In 2015, the windows became a point of contention. Two years later, in 2017, the National Cathedral decided to remove the two stained glass windows honoring Lee and Jackson. At the time, nine people had just been murdered in a historically Black church in Charleston, South Carolina, by the white supremacist Dylann Roof. The shooting prompted church leaders to think deeply about the presence of Confederate symbols in the National Cathedral.
“Right now I don’t have a clear concept of what I think I will do,” Marshall told the New York Times. “It will have to be work that is able to synthesize a multiplicity of ideas and sentiments about what the country represents for all of us. There will be some kind of imagery that presents itself as an invitation to reflection on the meaning of America now.”
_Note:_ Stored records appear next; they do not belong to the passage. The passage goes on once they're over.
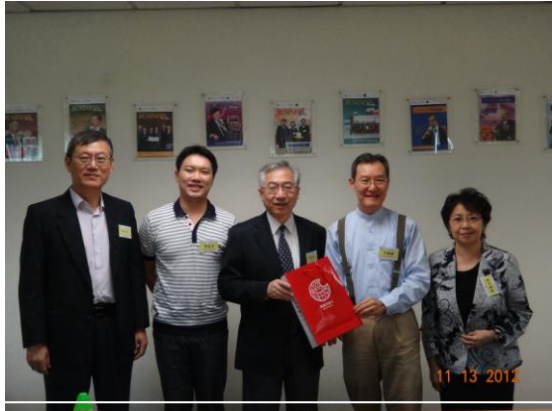
李研發長(右二)和國合組賴組長(左二) 與浸會大學接待人員合影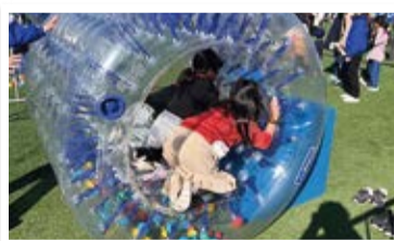
横浜スタジアムでのイベントに参加したよ!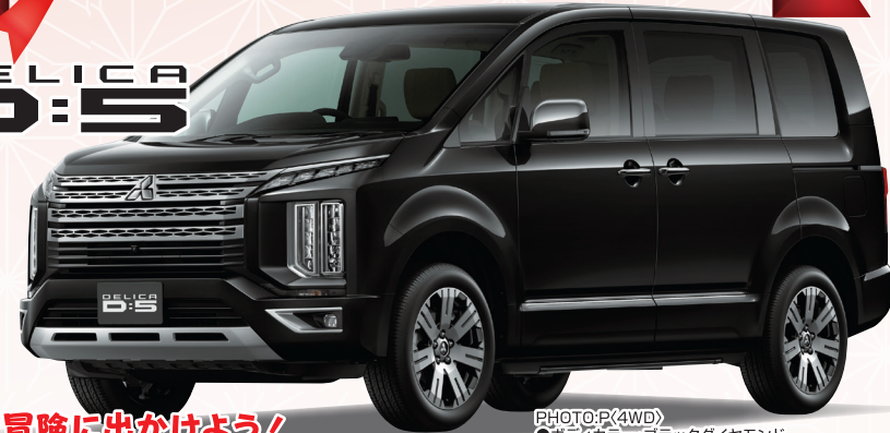
PHOTO:P(4WD) ●ボディカラー：ブラックダイヤモンド (有料色77,000円高) 有料色代は車両本体価格に含まれておりません。

さあ、冒険に出かけよう! デリカD:5 P(4WD) 2.2L コモンレール式DI-D インタークーラー付ターボチャージャー DOHC 16バルブ・8速スポーツモードA/T・電子制御4WD[8人乗り・7人乗り] 車両本体価格 4,601,300円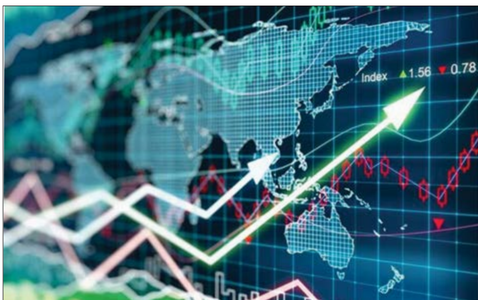
گروه صنعت گزاشی

بررسی های نشان می دهد که شرایط مناسب تولید و صادرات در سه صنعت، تا پایان سال تداوم خواهد داشت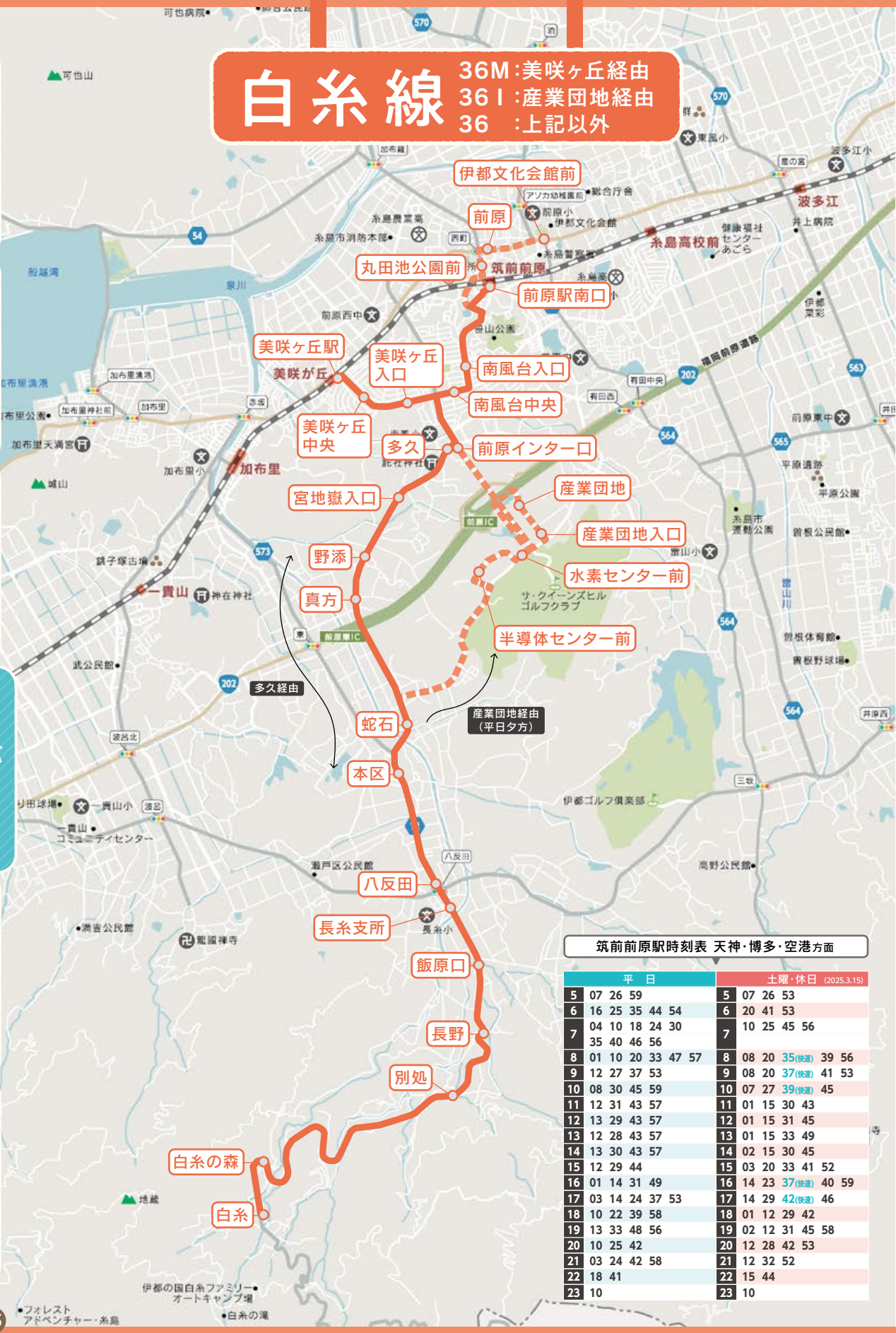
筑前前原駅時刻表 天神・博多・空港方面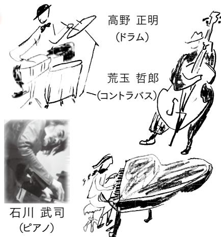
高野 正明 (ドラム)

Marshall is a preeminent contemporary artist well known for his engagement with social justice, Black portraiture, and American history. In 2020, Marshall’s work was featured on the cover of Vogue’s September 2020 issue.
In 2018, Marshall vowed to never make public artwork again after the city of Chicago attempted to sell his mural Knowledge and Power (1995), which he had painted for the Chicago Public Library. Though the city reversed its choice to sell the work, Marshall remained disillusioned—until now.
This project represents the first time Marshall has worked with stained glass. He is collaborating with the poet Elizabeth Alexander, who will write a poem to be installed in stone tablets alongside the windows. The new windows are expected to be unveiled in 2023.